BRIEF DESCRIPTION OF THE DRAWINGS

[0013] FIG. 1 shows a perspective side view of a medical instrument according to the invention;

[0014] FIG. 2 shows a partially transparent side view of the detail II according to FIG. 1, depicting an angled position;

[0015] FIG. 3 shows a sectional detail along the line III-III according to FIG. 1;

[0016] FIG. 4 shows a perspective view of an end-face toothing arrangement according to FIG. 2;

[0017] FIG. 5 shows a perspective view of the two end-face toothing arrangements according to FIG. 2, in a position in which they are at an angle of 45.degree. to each other, and

[0018] FIG. 6 shows a perspective view of the two end-face toothing arrangements according to FIG. 2, in a position in which they are at an angle of 90.degree. to each other.

DETAILED DESCRIPTION

[0019] To give the tool 4 the greatest number of possible degrees of freedom of movement relative to the shaft 2, a distal end region of the shaft 2 carrying the tool 4 is designed as a tool tip 6 that can be positioned at an angle with respect to the longitudinal axis 5 of the shaft 2.

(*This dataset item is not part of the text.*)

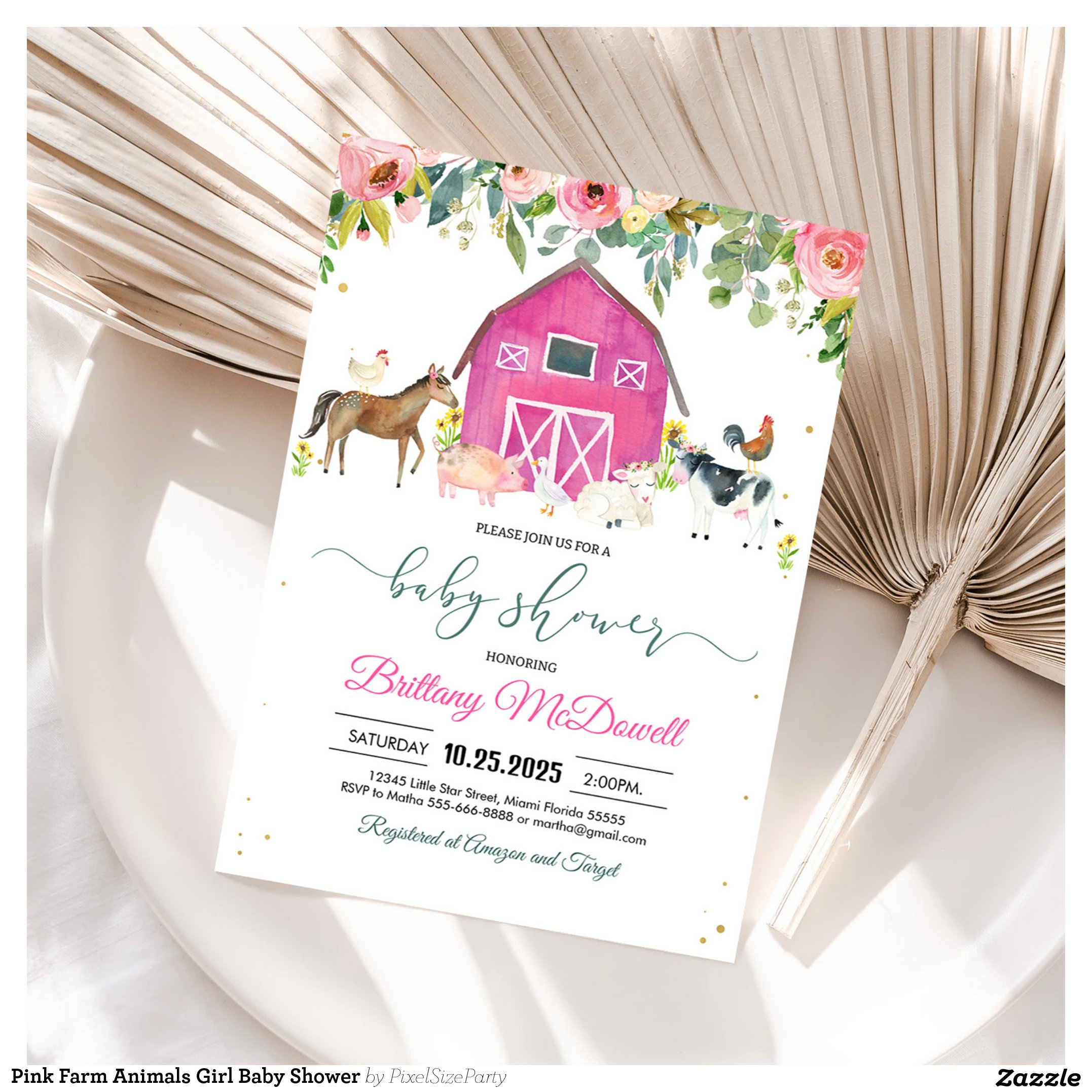 Pink Farm Animals Girl Baby Shower Invitation

[0020] Moreover, the tool 4 is rotatable about the longitudinal axis 5 of the shaft 2, the rotation of the tool 4 about the longitudinal axis 5 of the shaft 2, respectively about the longitudinal axis 5a of the tool tip 6 when the latter is angled, being effected via an actuation rod 7 which is mounted rotatably in the hollow shaft 2 and which is operatively connected at its proximal end to the handle 3, and the actuation rod 7 being composed of two parts, namely a distal sub-region 8 mounted in the pivotable tool tip 6 and a sub-region 9 mounted in the proximal part of the shaft 2.

[0021] To form the actuation rod 7, it is possible to use both a solid rod and also a hollow tube.

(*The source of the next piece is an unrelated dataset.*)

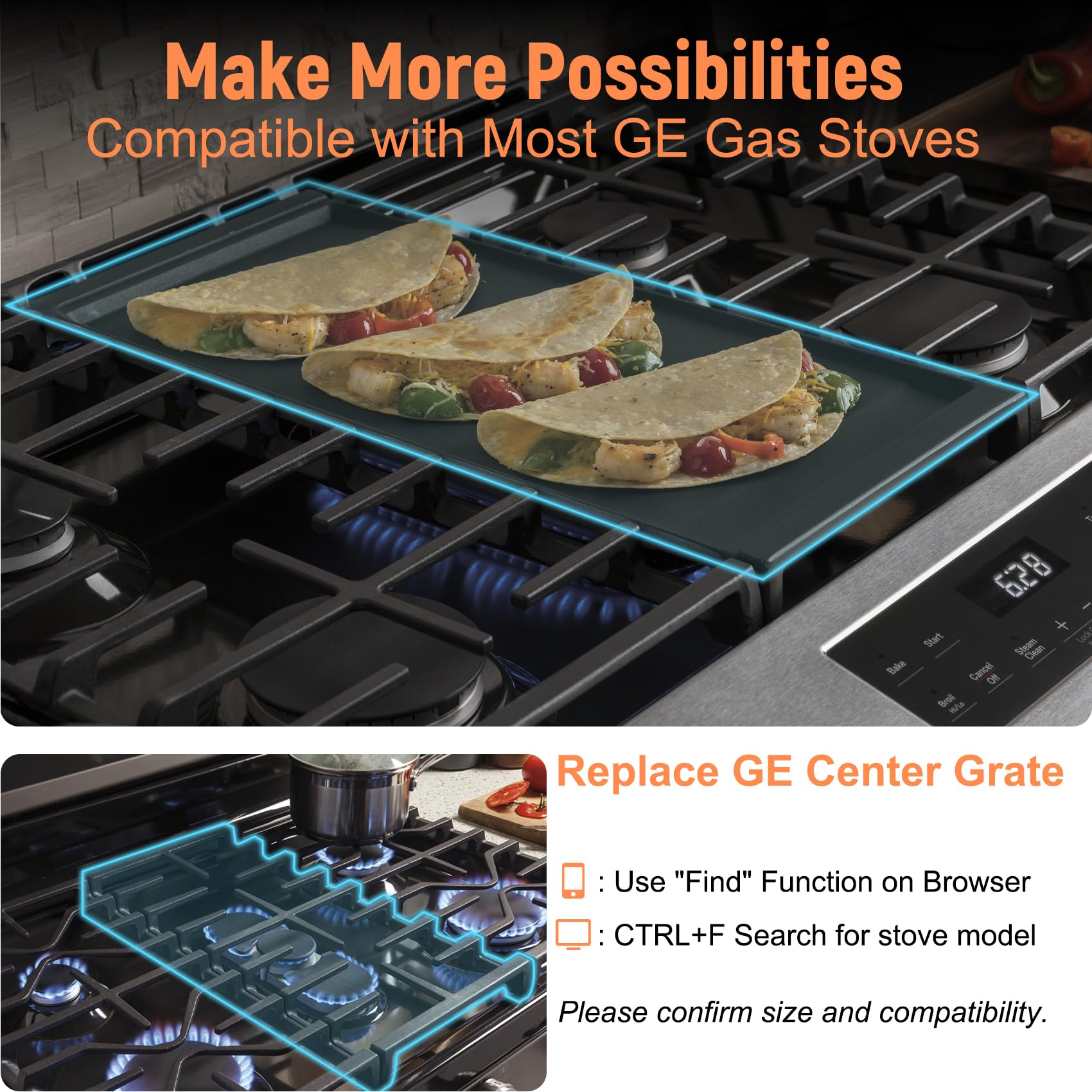 【Compatibility】WB31X24738 Center Griddle Compatible with GE Gas Stove Range Cooktop. It can be used to replace damaged central griddles or grates, and fits perfectly on center burners. Compatible GE stove models: JGB660, JGB700, JGB720, JGB735, JGB860, JGBS66, JGSS66 series, ect.

[0022] The two mutually facing end faces of the sub-regions 8 and 9 of the actuation rod 7 are in engagement with each other at the transition to the pivotable tool tip 6 via end-face toothing arrangements 10, as can be seen from the schematic cross-sectional view according to FIG. 2. These two end-face toothing arrangements 10 of the two sub-regions 8 and 9 of the actuation rod 7 have the effect that, even in a position in which the two sub-regions 8 and 9 of the actuation rod 7 are arranged at an angle relative to each other, the tool 4 is rotatable about the longitudinal axis 5 of the shaft 2 respectively about the longitudinal axis 5a of the tool tip 6. The end-face toothing arrangements 10 transmit the rotation of the proximal sub-region 9 of the actuation rod 7 about the longitudinal axis 5 of the shaft 2 to the distal sub-region 8 of the actuation rod 7.

[0023] FIG. 2 shows the set-up of the two end-face toothing arrangements 10 inside the shaft 2 with the aid of a partially transparent schematic side view in the area of the transition from the proximal shaft 2 to the angled distal tool tip 6.

[0024] FIG. 3 shows the two end-face toothing arrangements 10 in the non-angled position of the sub-regions 8 and 9 of the actuation rod 7, in which position all the teeth 11 of the respective end-face toothing arrangements 10 of the two sub-regions 8 and 9 of the actuation rod 7 are in engagement with each other.

[0025] A main problem in designing the two end-face toothing arrangements 10 of the mutually pivotable sub-regions 8 and 9 of the actuation rod 7 is to ensure that, during the pivoting, the teeth 11 of the end-face toothing arrangements 10 do not jam and block each other.

[0026] As can be seen from FIG. 3, the tooth flanks 12 of the individual teeth 11 of the two end-face toothing arrangements 10 are designed tapering radially outward. By designing the tooth flanks 12 of the individual teeth 11 of the two end-face toothing arrangements 10 such that they taper radially outward in relation to the respective toothing arrangement 10, the teeth 11 on both sides of the end-face toothing arrangements 10 are also prevented from jamming during a pivoting movement of the end-face toothing arrangements 10 relative to each other. This permanent freedom from jamming makes it possible to do without axial compensation, for example in the form of spring pretensioning. By virtue of the radially outwardly tapering design of the individual teeth 11 of the two end-face toothing arrangements 10, there is always sufficient lateral clearance for the individual teeth 11, specifically in the radially outer area, with respect to the adjacent teeth 11 of the respective other end-face toothing arrangement 10.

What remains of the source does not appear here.